Mar 22 2012

Data management plans (DMPs): the day has arrived

Steve Hitchcock

Changed Days at Paddington Basin, Colin Smith, Geograph Project

Updated 28 March 2012

The day has arrived for data management plans (DMPs). It’s tomorrow (Friday 23rd March 2012) when Research Data Management Planning Projects from the JISCMRD (2011-13)┬áprogramme convene a workshop in Paddington, London, to present their findings and results. But has the day for DMPs arrived in a bigger sense? Are DMPs pivotal to research data management? I suspect so, and at the meeting I will be looking for evidence to support the assertion, or not.

DMPs are the link between the conception and proposal of research projects, and the later production of data from those projects. These plans can be extensive and demanding to produce, but as a result the information they contain should be invaluable to data repositories. This is not the type of information the researcher is likely to provide again at the point of depositing data in an institutional data repository.

DMPs represent carefully planned information on the project and predict the existence of data, in some cases precisely. This creates a link with emerging research data policy, which requires an open record of data produced in the course of funded research and the effective management and storage of that data. DMPs have a role to play in monitoring and ensuring the completeness of the records.

This approach raises a series of questions about DMPs. What is the scope of a DMP, and who defines this? This is most likely to be the research funder, but might be institutions in other, non-funded cases. In what form will the DMP be completed? Presumably online. Where will online DMPs be hosted? The Digital Curation Centre, not a research funder, hosts the DMP Online tool. Should institutions create and/or host DMP tools? To what extent will it be possible to (pre-) populate data repository records from DMPs? How comfortable are funders, institutions and researchers about sharing and publishing information from DMPs? The answers will involve specifying where DMPs fit the researcher’s workflow, ensuring there is no duplication of effort, and allowing DMPs to be driven by the needs of research and researchers, not by systems requirements or other special pleading.

These are some of the issues that will be in my mind when listening to the DMP project presentations tomorrow, and which I shall report on afterwards.

Update. Following the JISC DMP meeting in Paddington, Meeting (Disciplinary) Challenges in Research Data Management Planning Workshop, and further feedback from key presenters, some of the questions I posed can begin to be answered. For me the key presentations in this context were by Kerry Miller and Adrian Richardson from DCC, who updated the meeting on future plans for the DMP Online tool, and from David Shotton, a zoology researcher at Oxford University who has been compiling a more researcher-friendly set of 20 DMP questions.

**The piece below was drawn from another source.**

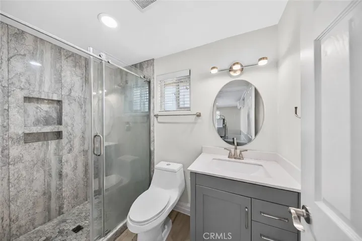 Gorgeous Remodeled Single Level Home with Permitted ADU in the Prestigious Los Coyotes Country Club Neighborhood! Located in one of Buena Park’s most desirable communities, this beautifully updated residence sits on an expansive 10,648 sq ft lot and offers a rare single story floor plan plus permitted ADU. The home welcomes you with a charming circular driveway lined with palm trees and roses, providing abundant parking along with an additional shaded canopy carport. The main house, newly remodeled in 2025, features 3 bedrooms, 2 bathrooms, and approximately 1,560 sq ft of living space. Inside, you’ll find a bright open concept layout with a spacious living room featuring a cozy fireplace, recessed lighting, and large windows that fill the home with natural light. The living area flows seamlessly into the formal dining space, creating the perfect setting for gatherings and entertaining. The gourmet kitchen showcases stylish white cabinetry with modern hardware, quartz countertops, a designer backsplash, stainless steel appliances, and a breakfast bar ideal for casual dining. The primary suite offers a spacious closet and a beautifully updated ensuite bathroom with a walk-in shower. Two additional bedrooms are generously sized, while the oversized hallway bathroom features dual sinks and a walk-in shower. A convenient indoor laundry room adds functionality. Additional upgrades include remodeled kitchen and bathrooms with touch-sensor mirrors, new laminate flooring, fresh interior paint, recessed lighting, updated roof, newer windows and doors, and EV charging capability. The backyard is an entertainer’s dream, featuring a covered patio with epoxy flooring, a deck with gazebo, brand new grass, a storage shed, and a variety of fruit trees. The completely flat yard provides plenty of space for outdoor dining and relaxation. The permitted ADU (approx. 573 sq ft) offers 1 bedroom, walk-in closet, ensuite bath, laundry closet, remodeled kitchen and bath, and split AC units in the bedroom and living room. Previously generating approximately $2,500/month in rental income, this versatile space presents a great opportunity for multigenerational living or additional rental income. Conveniently located near Los Coyotes Country Club, Clark Park, golf courses, award-winning schools, shopping, dining, bike trails, and with easy access to the 5 and 91 freeways. A rare opportunity in a highly sought-after neighborhood, don’t miss it!

First, we were shown how DMP Online v3.0 now includes selectable templates for e.g. different funding council requirements, so we can see how customisation of DMP input forms is beginning to take shape. We can also see from the plans for DMP Online that one possibility being considered for the tool is Ability to host locally within institutions. This was my choice in the selection exercise, but it appears others did not rank this feature so highly. My recollection is this group exercise was somewhat curtailed, and the tied rankings for many features suggest the returns were not high, so I hope the development team will not feel bound to the ranking of these results.

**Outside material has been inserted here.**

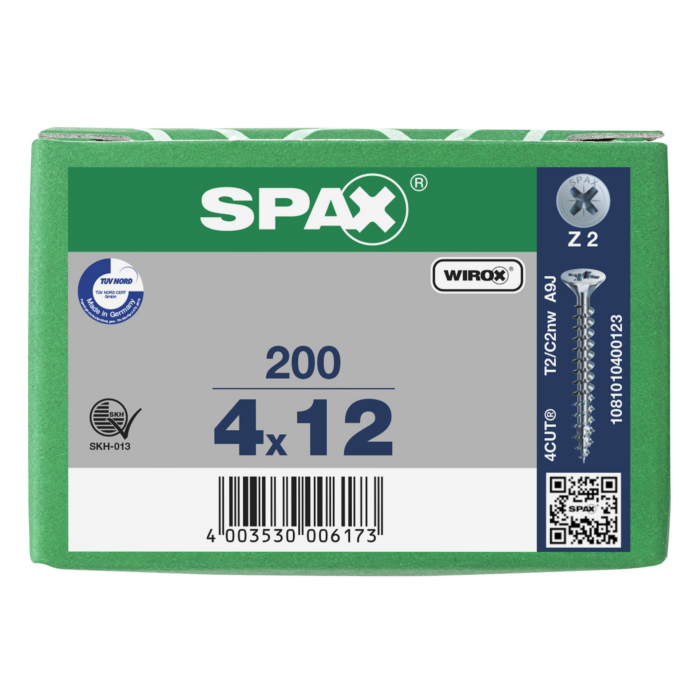Spax spaanplaatschroeven PZ2 verzinkt 4 x 12 mm voldraad 200 stuks

Now to David Shotton’s analysis of a short, customised set of DMP questions. If we are to host locally and customise DMP tools, we need to be careful we do not get away from the core requirements of the forms, which are not simply to suit individuals or institutions. They still have to be grounded in formal funder and research requirements. So having framed his 20 DMP questions, David looked into comparing and aligning his questions with known sets of DMP questions, including from DMP Online and the US equivalent DMP Tool, and others. To make this alignment David created a downloadable spreadsheet containing the aligned DMP questions,┬áwhich can be found in a link towards the end of the blog post. An analysis of this comparison is provided in a follow-up post, also linked.

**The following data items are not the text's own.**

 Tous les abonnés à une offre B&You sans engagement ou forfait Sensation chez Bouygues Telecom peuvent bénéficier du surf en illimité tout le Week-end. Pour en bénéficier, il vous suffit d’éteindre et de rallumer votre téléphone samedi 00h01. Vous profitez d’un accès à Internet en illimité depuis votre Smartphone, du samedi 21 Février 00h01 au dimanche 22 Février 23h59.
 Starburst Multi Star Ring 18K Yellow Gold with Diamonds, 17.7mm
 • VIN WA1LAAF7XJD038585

That’s enough for this update. It’s time to look at David Shotton’s analysis and at the plans for DMP Online in more detail. I expect to return to this. I can’t answer yet my latter questions on whether researchers and funders will be happy with the approaches being considered here, nor how soon this work might come to fruition by integrating DMP tools in data repository-based research workflow. Even to suggest this phrase leaves me accused of over-egging this particular pudding. What I can say is that answers to my first questions, on customisation and hosting, have begun to be revealed and they are highly encouraging.